*Former police officer says crumbling routes deter riders*
* Safety of bike paths criticized*
FOR some Winnipeg cyclists, the city’s bike paths are full of holes.
Gord Friesen has been commuting by bike for more than two decades, including for many years to his job as an officer with the Winnipeg Police Service.
Now, the River Heights resident said he’s worried the city’s patchwork of bike paths — including a south Osborne route that has a gap between Brandon and Togo avenues, where it turns into a dirt trail, forcing cyclists who don’t want to weather the rough terrain onto a busy street or sidewalk — might deter people from getting into cycling.
“It’s just an additional challenge,” Friesen said.
“Gaps are obviously problematic for people, because I think one of the things about being out on a bike is you want to be able to have some predictability in terms of the quality of the road surface.”
In an emailed statement to the Free Press, a city spokesperson said plans to improve the south Osborne route were put on hold because of riverbank stabilization issues. It also said the city will be doing a design study of another route with similar issues later this year: the North Winnipeg Parkway, which has a gap between Burrows and Alfred avenues, forcing cyclists into a zigzag of residential streets, or onto Main Street.
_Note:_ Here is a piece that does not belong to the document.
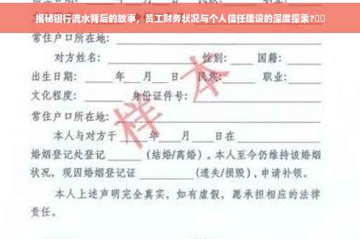 摘要:,,本文将揭示员工银行流水背后的故事,探究其在面试中反映的真实财务状况以及个人信任建设的重要性。通过深入了解员工的银行流水,企业能够更准确地评估其经济实力、稳定性和风险管理能力,从而建立更加稳固的雇佣关系。这也体现了个人信任在职业发展中的关键作用。本文将引导读者理解如何通过银行流水展现个人价值,以及在面试中如何妥善应对财务状况的披露。

Friesen said his career with the police force — where he served at one point as the commander of the traffic division — helped form his perspective on cycling and other kinds of active transportation. Even in retirement, the 57-year-old said he and his wife use their bikes to get wherever they need to go, and he hopes more people will start to do the same.
“Our car sits for days on end, because (whatever we do), it’s almost always on a bicycle,” he said.
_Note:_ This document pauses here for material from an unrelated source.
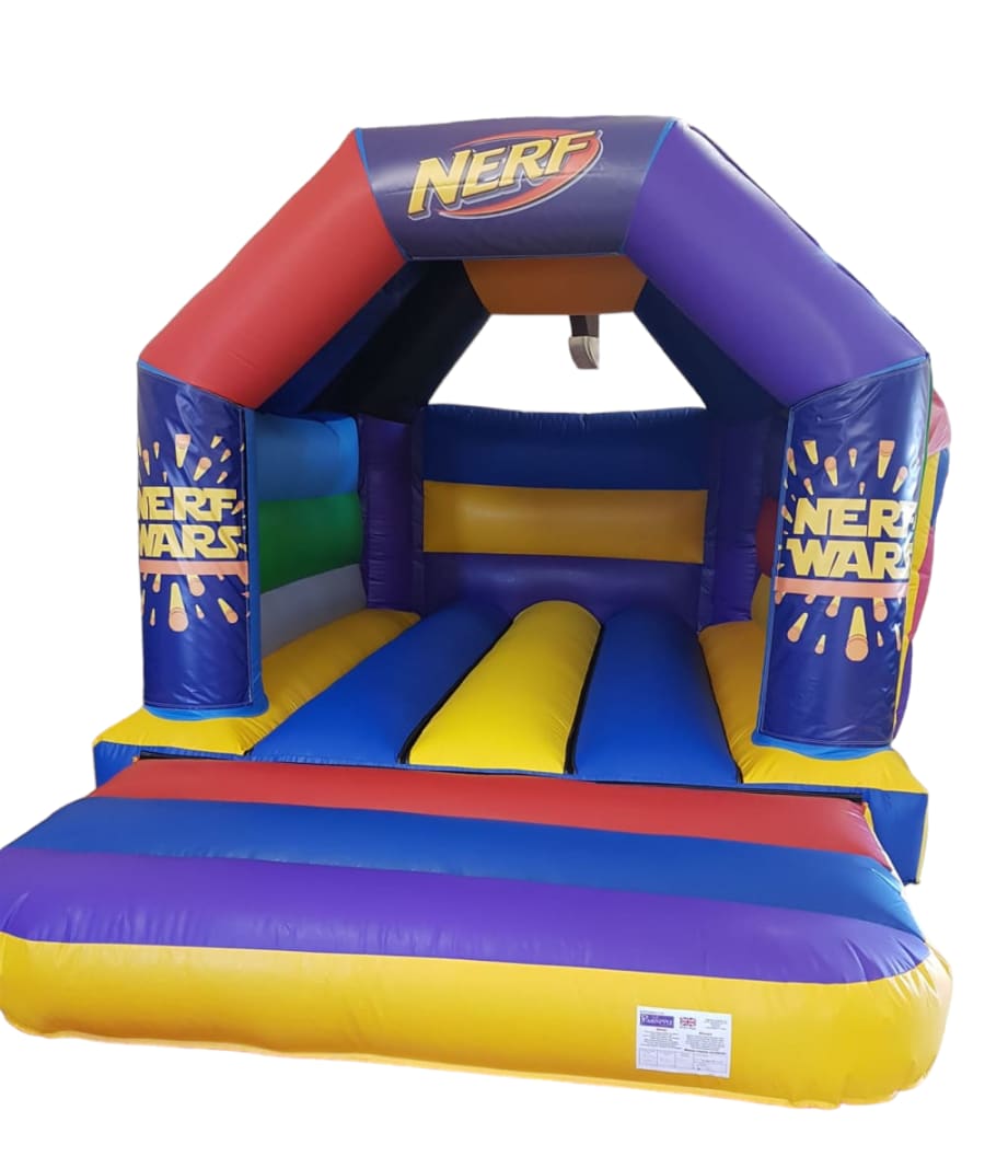 Here is our Nerf bouncy castle, a multi coloured castles with a Nerf design on the front.

Mark Cohoe, executive director of the Bike Winnipeg advocacy group, said he was riding on the south Osborne bike path with some friends a few nights ago. They turned around after deciding they wouldn’t be able to make it through the gap.
Cohoe said if people who are new to cycling encounter the same problem, it might turn them off entirely.
“People remember the worst part of their ride, and that’s sort of the decision point for them,” he said. “If they don’t feel like they have a safe connection... they’re going to choose to drive.”
Meanwhile, cyclists travelling a few minutes southeast on the same south Osborne route are being forced onto the road for the foreseeable future. On Friday, the city announced it was closing the east sidewalk on the St. Vital Bridge for at least 18 months to replace the sewer main underneath.
With two elections looming in the coming months, Cohoe said he’s hoping to see more leadership encouraging cycling in Winnipeg.
“I think if we want to act on climate change, if we want to act proactively on health, we need to make sure that all levels of government — especially the provincial government, which is responsible for health — make sure funding is available to get people out of their cars and onto their bikes,” he said.